Accurate aircraft spacing is essential for safe and efficient operations in busy airspace. Air traffic controllers must continuously manage the sequence of arriving aircraft while ensuring that safe separation is maintained. Predicting how spacing between aircraft will evolve during the arrival phase is therefore a key challenge, especially in complex and dynamic operational environments.

The ORCI project focuses on developing predictive models capable of estimating the future distance between aircraft earlier in the arrival process. By anticipating how spacing will evolve, these predictions can help support improved sequencing decisions and contribute to more stable arrival flows.

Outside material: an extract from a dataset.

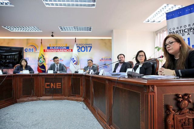 En comisión general, el Pleno del Consejo Nacional Electoral, presidido por su titular doctor Juan Pablo Pozo Bahamonde; la Vicepresidenta, Nubia Villacís; los Consejeros, Paúl

To evaluate these approaches in realistic operational environments, ORCI focuses on two specific case studies. The first one is Barcelona, where arrival operations often involve the use of trombone manoeuvres to manage aircraft sequencing. The second case study is Lisbon, where the Point Merge System is used to organise arrival flows. Both procedures are based on RNAV operations, providing suitable operational contexts to analyse spacing evolution and assess the performance of predictive models.

Through collaboration between research and operational partners, the project aims to evaluate these models and explore their potential contribution to future air traffic management tools.

In this news section, we will share updates about the progress of the ORCI project, including technical developments, participation in events, and insights gained throughout the project.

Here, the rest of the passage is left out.